The new altar and presidential chair

The Chapel is used by the Bishop and others for regular acts of worship and prayer.

Visitors are welcome to take time for reflection here, and candles mark the prayers of pilgrims and other guests to this sacred place.

This simple graceful building with roof bosses of naturalistic foliage is dedicated to the Holy Trinity and St. Mark. It was built by Bishop Robert Burnell at around the same time as the adjoining Great Hall in the late-thirteenth century.

The windows are surprisingly large for the period and the tracery in them is an exceptionally fine example of the Early English style.

The Chapel was restored by Bishop George Henry Law in the nineteenth century. In the windows he used fragments of French medieval glass from churches in the Rouen area, which were destroyed in the revolutionary era.

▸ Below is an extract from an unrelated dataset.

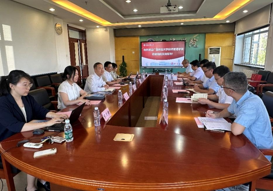 5月15日下午,廣西師范大學經濟管理學院領導班子一行六人來經濟學院調研交流。廣西師范大學經濟管理學院黨委書記陳國華、院長張海豐、副院長伍先福、副院長張學龍、院長助理李強誼、辦公室主任蔣敏,北京工商大學經濟學院黨委書記呂良、執行院長詹新宇、副院長馬雪嬌、副院長關晶、金融系副主任張迎新、辦公室黃新參加座談。
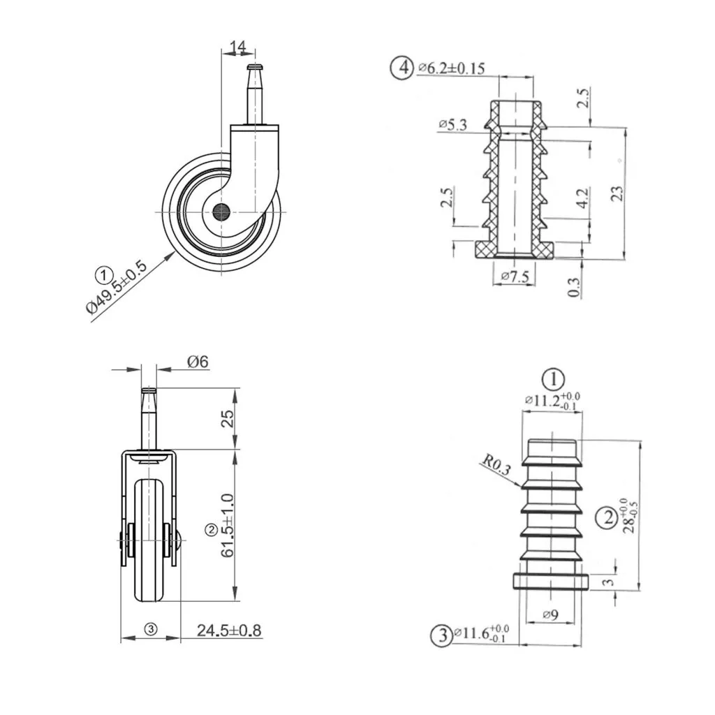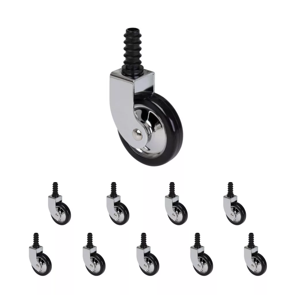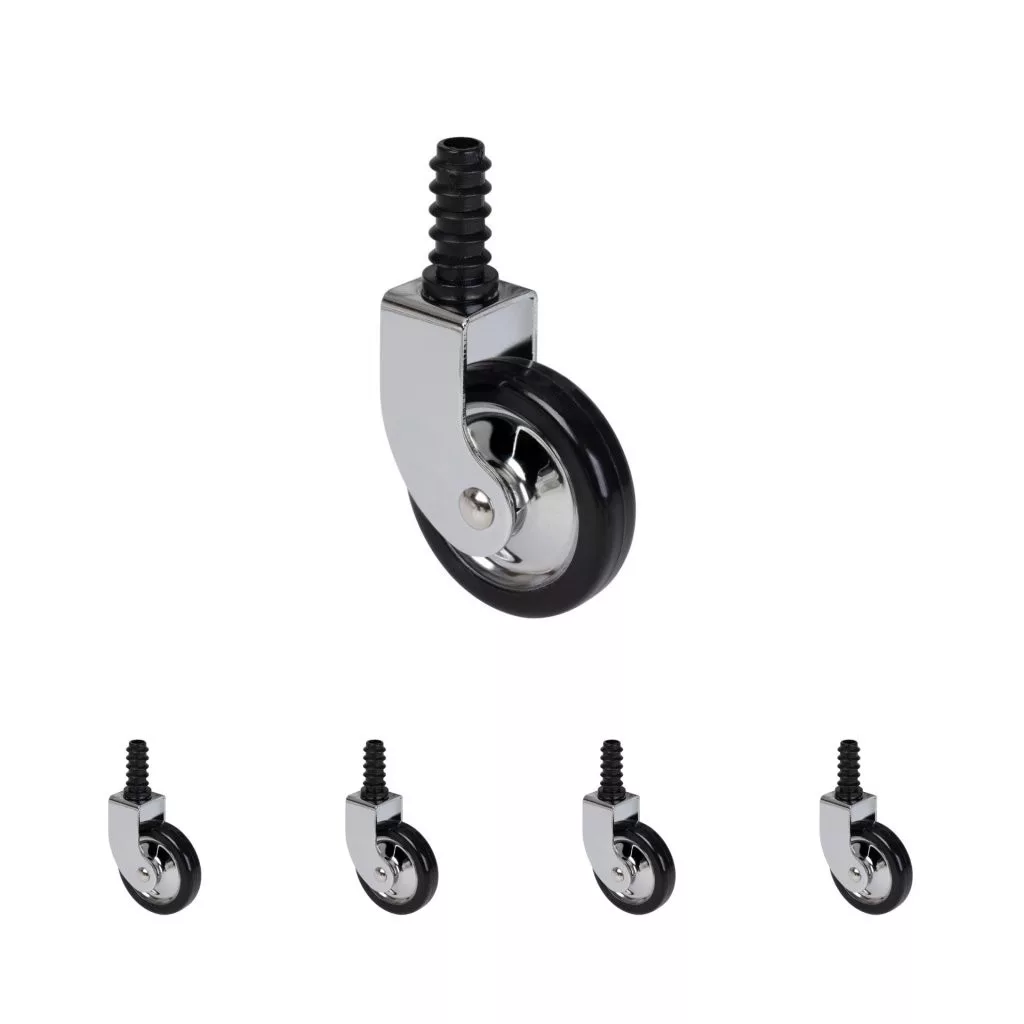 50 mm átmérőjű teáskocsi kerekek, kemény padlóra tervezve. Teherbírása akár 20 kg.

The benches are early-twentieth century and were carved by craftsmen from a number of parishes within the diocese.

The Chapel was re-ordered in 2006. The sanctuary area was enlarged by the removal of a step. The new altar, made of maple and stone, was designed by David John. The altar was made by Richard Richardson. The altar stands above engraved stone work by John Rowlands Pritchard, with the text, ‘God was in Christ reconciling the world to himself; and has given us the ministry of reconciliation’.

The Celtic wooden pattern that holds the legs of the altar together symbolises reconciliation.